Giter Club home page Giter Club logo

heatmaps's Introduction

Heatmaps

Heatmap script for Wochenende output files containing abundance (reads per chromosome).

Input can be wochenende pipeline files (bam.txt files or filtered versions of these!).

Installation

python3 -m pip install pandas
python3 -m pip install matplotlib
python3 -m pip install seaborn

Simple usage

# Test run
python3 heat5.py --batch_files sample.txt --filter_sTF 1 --filter_sStart 0 --filter_sEnd 4 --suffix_label A --genus 1 --corr 0
# Test run with example files
python3 heat5.py --batch_files eg1_sepsis_minion/sample.txt --filter_sTF 1 --filter_sStart 0 --filter_sEnd 4 --suffix_label A --genus 1 --corr 0

Warning

If you subsample the data to save RAM or speed, then actually mathematically "non-informative" samples are removed, i.e. those with many 0s, and are represented by another sample. This approach is being controversially discussed at present and will likely be removed.

Tricks for heatmap (log2) etc.

To make it work i did those tricks into the python script:

  1. Kept 1 matrix with the "missing" counts, and made a figure out of that matrix. **/wochenende_unmasked.png
  2. Replaced "missing" counts with zeros.
  3. Added 1 to all counts. (so that log2 of 1 would give me back 0 again)
  4. Calculated log2 to all counts (and replaced counts with their log2)
  5. Added 0.0001 to all 0 counts (otherwise heatmap would not work)
  6. (depending on the dataset and it's abundance of information)Filtered the samples having most read counts and the bacteria having most read counts too.

Full usage:

Create heatmaps/correlation heatmaps and dendrograms generated from csv
files that are generated from wochenende pipeline. Those files should be filtered, sorted
 and be into a csv format as the above.

Example: MCF01_S7_R1.ndp.lc.trm.s.mq30.01mm.dup.calmd.bam.txt.filt.sort.csv

@@@@@@@@@@@@@@@@@@@@@@@@@@@@@@@@@@@@@@@@@@@@@@@@@@@@@@@@@@@@@@@@@@@
Before running python script, make sure that you have a .txt file that incudes all the 
names-samples that you wish to combine, in order to create heatmaps.
@@@@@@@@@@@@@@@@@@@@@@@@@@@@@@@@@@@@@@@@@@@@@@@@@@@@@@@@@@@@@@@@@@@
This .txt file should be used an argument --batch_files .txt (location)
@@@@@@@@@@@@@@@@@@@@@@@@@@@@@@@@@@@@@@@@@@@@@@@@@@@@@@@@@@@@@@@@@@@

   Each run of this script creates several heatmaps and dendrograms. 
In order to prevent overwriting, there are 2 different implemented label sets per .png files.
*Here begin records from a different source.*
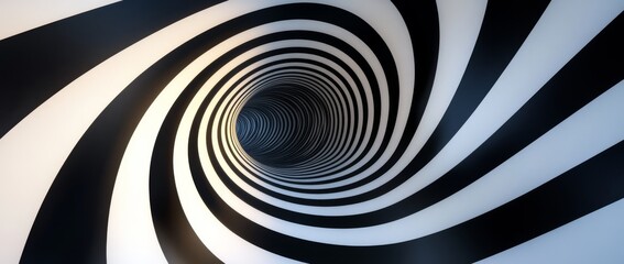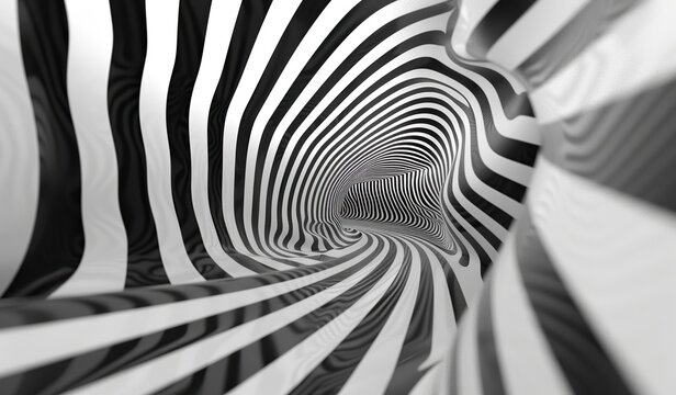 Optical illusion of a spiral tunnel created with black and white stripes enhancing depth perception in a highly detailed 3D rendering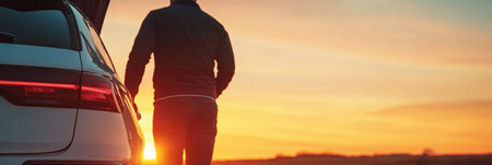 Man walks away from his car at sunset, enjoying the peace and tranquility of the open road, embracing the spirit of adventure and freedom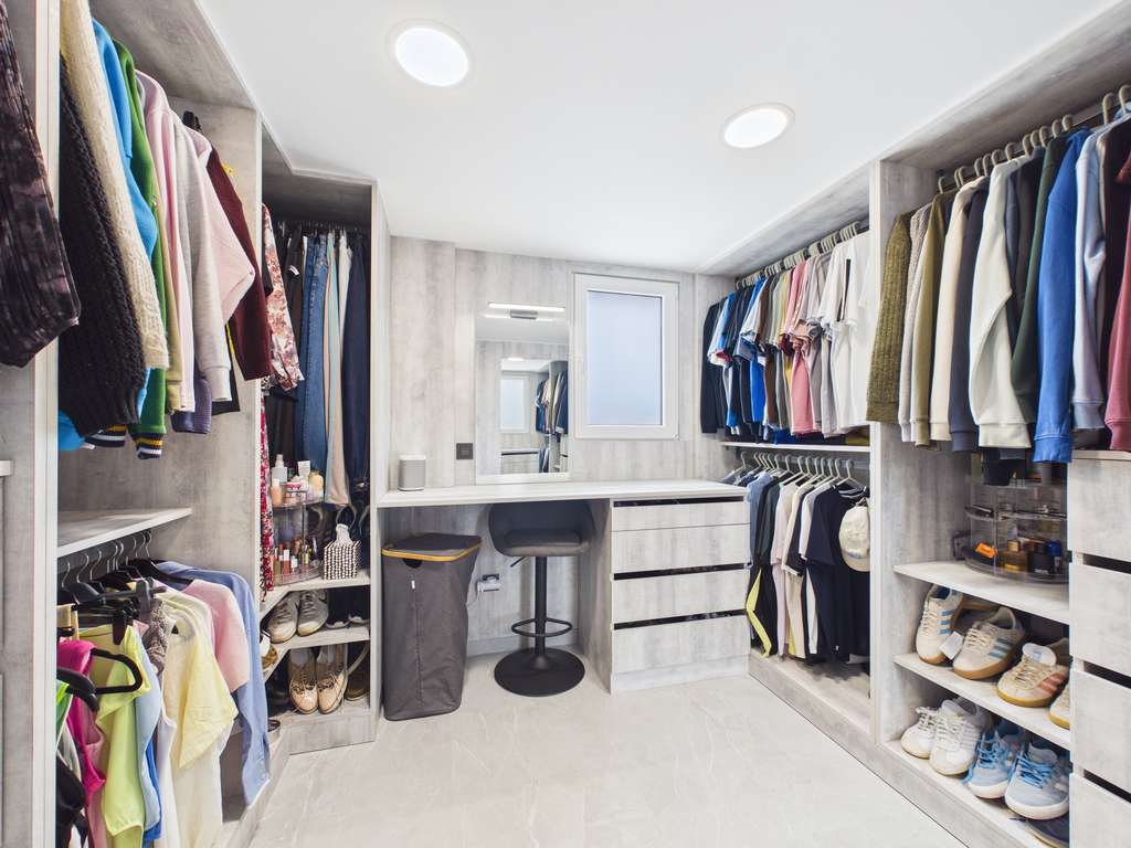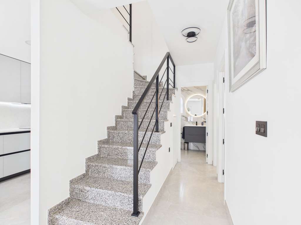 Una escalera interior conduce a la primera planta, donde encontrará un amplio vestidor, cuidadosamente diseñado por los actuales propietarios. Este nivel también cuenta con el segundo cuarto de baño moderno, de nuevo con una cabina de ducha, y el dormitorio principal, que se beneficia de aire acondicionado y acceso directo a una terraza privada en la azotea con preciosas vistas abiertas sobre el campo circundante.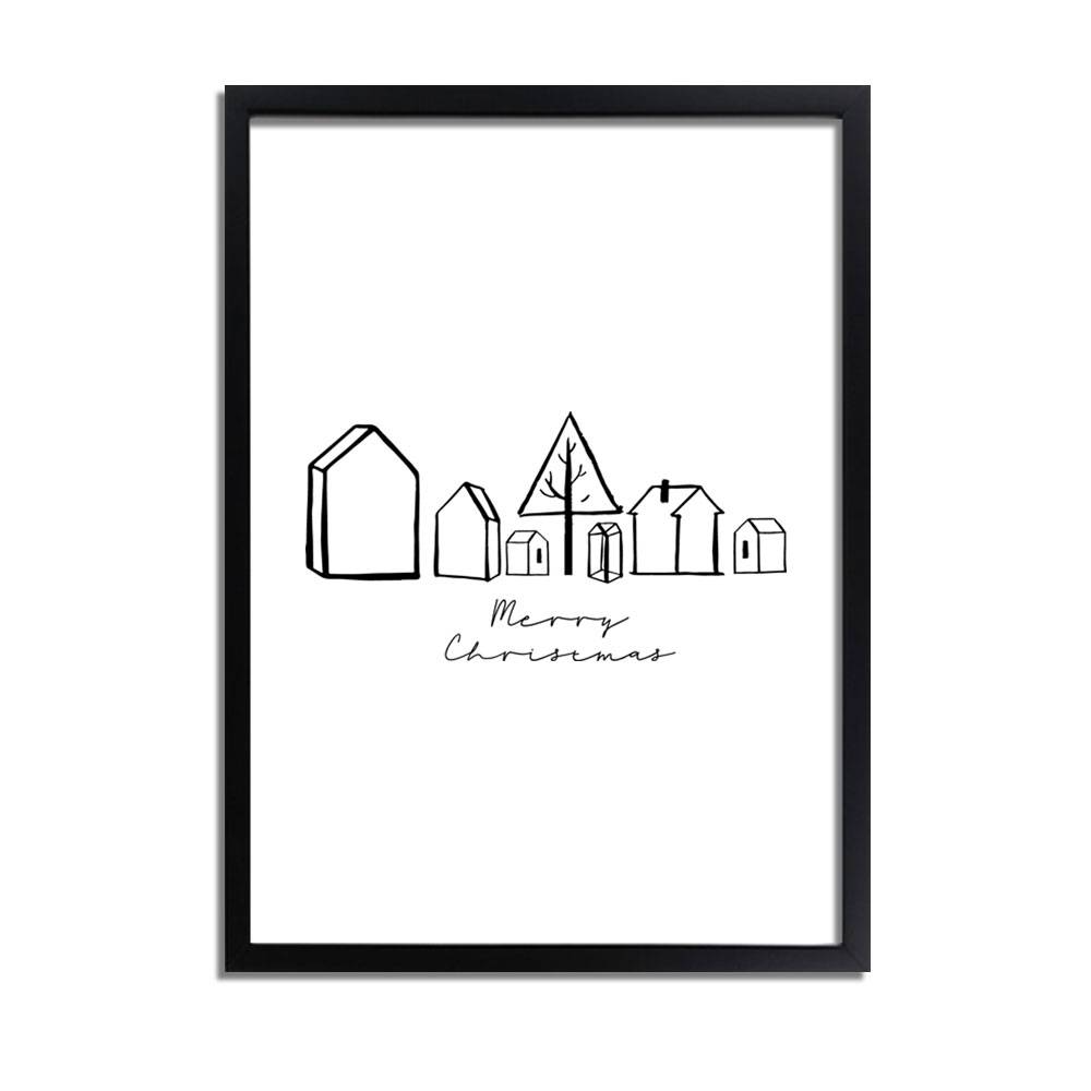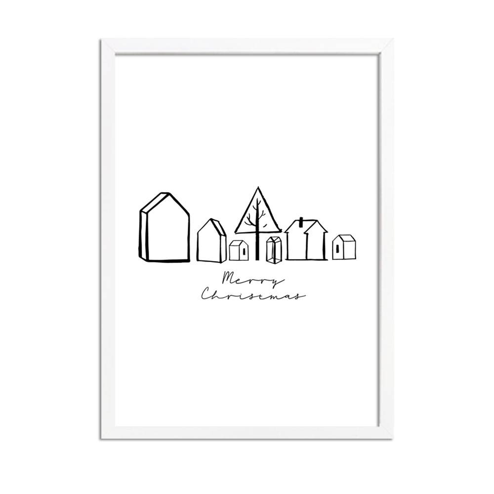 Weihnachtsposter Merry Christmas Häuser - Weihnachtsdekoration Schwarz weiß

   1) A number-label that the user changes in every run that he/she decides.(input)
   2) A set of numbers that the original input for each argument user used or Default 
   values of the missing arguments, so that names of each heatmap can give information 
   for that heatmap.

    Each file has read counts into 1 column and those columns are merged into a matrix.
For instance, a matrix has rows that are bacterial strains and columns that are 
files-sample names.
The ammount of data that are used are divided into Quarters for rows and columns too!
        User can choose how many Quarters of the files-samples COLUMNS should be used 
for heatmap. 

Subsets can be set from argument (( filter_sStart )) and values according to limit are:
minimum:0
25%:1,
50%:2
75%:3
maximum:4

        User can choose any subset with those limits as starting poing
and as end point (( filter_sEnd ))
Of course it is suggested to have (( filter_sEnd )) > (( filter_sStart )) 
and (( filter_sEnd )) should be always set at value:4 in order to 
have the most informative files-samples

    Another filtering is done automatically and creates multiple 
heatmaps depending on the ROWS filtering per quartiles this time.
Different dimension on matrix for those Quarters then before, this 
time filtering is on ROWS and no input needed.

Symbols: 
RC is read counts.
Qmin-Q25: from minimum read counts to 25% of the ROWS with most read counts
Q25-Q50:  from 25% RC to 50% of the ROWS with most RC
Q50-Q75:  from 50% RC to 75% of the ROWS with most RC
Q75-Qmax: from 75% RC to maximum of the ROWS with most RC** top 25% suggested
Q50-Qmax: from 50% RC to maximun of the ROWS with most RC** top 50% suggested
Q25-Qmax: from 25% RC to maxinum of the ROWS with most RC** top 75% suggested
FR is the value 0/1 for either using filtering in ROWS or not.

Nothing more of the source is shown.